◆ Data excerpt ◆
┄┄┄┄┄┄┄┄┄┄┄┄┄┄┄┄┄┄┄┄

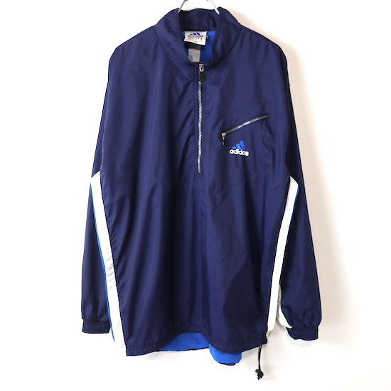 > 90s adidas アディダス ハーフジップ ナイロン プルオーバー ジャケット(メンズ L)ネイビー ヴィンテージ
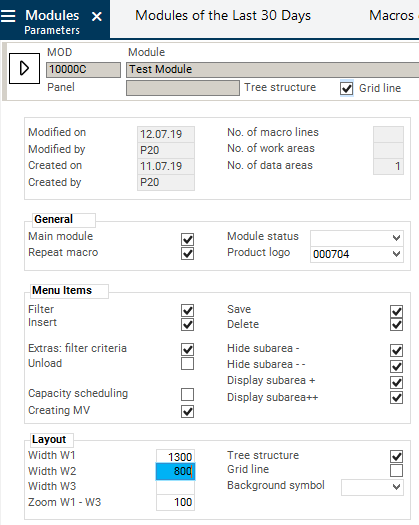 Enter a macro number in the Action ID parameter, e.g. 009A0W Open Planning Object. The module is opened via the macro. This macro defines which data is to be displayed in the module.
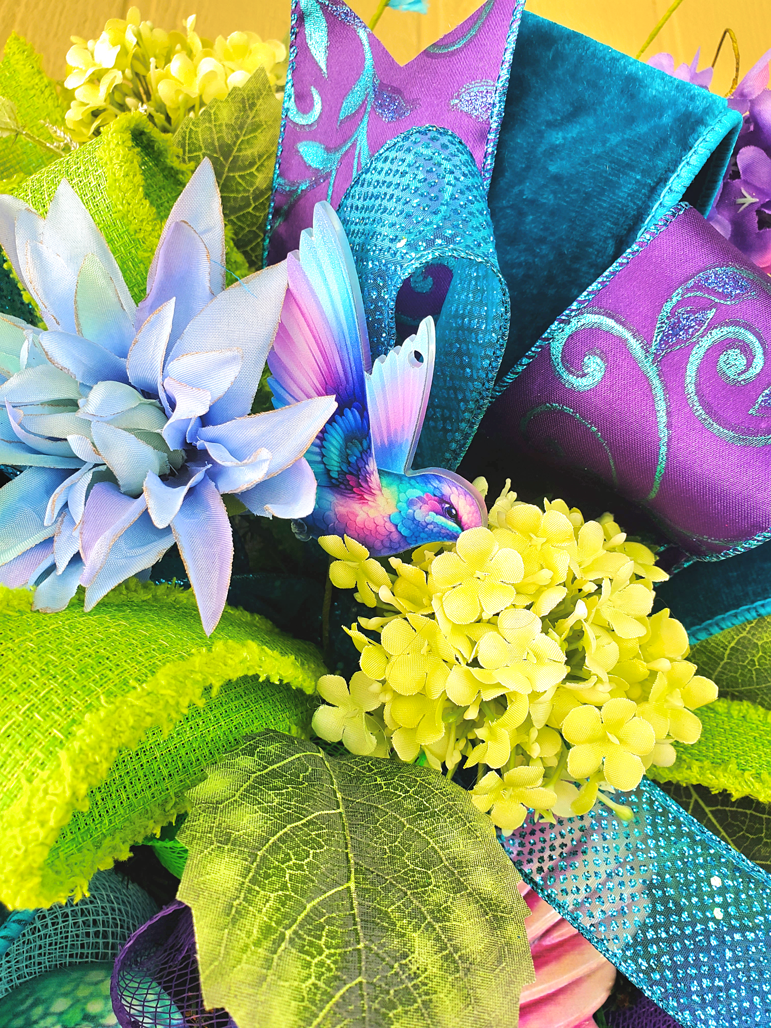 Welcome spring and summer with this breathtaking handmade hummingbird wreath bursting with vibrant colors and whimsical charm! Featuring detailed hummingbird accents, lush purple and blue florals, velvet and glittery ribbons, and delicate greenery, this wreath adds a vibrant pop of personality to any door or wall.

┄┄┄┄┄┄┄┄┄┄┄┄┄┄┄┄┄┄┄┄

◆ Work request ◆
Pictures excluded, write out exactly and only the lines of the material from the one containing "Enter a macro" up to and including the last line.

◆ Task output ◆
 Enter a macro number in the Action ID parameter, e.g. 009A0W Open Planning Object. The module is opened via the macro. This macro defines which data is to be displayed in the module.
 Welcome spring and summer with this breathtaking handmade hummingbird wreath bursting with vibrant colors and whimsical charm! Featuring detailed hummingbird accents, lush purple and blue florals, velvet and glittery ribbons, and delicate greenery, this wreath adds a vibrant pop of personality to any door or wall.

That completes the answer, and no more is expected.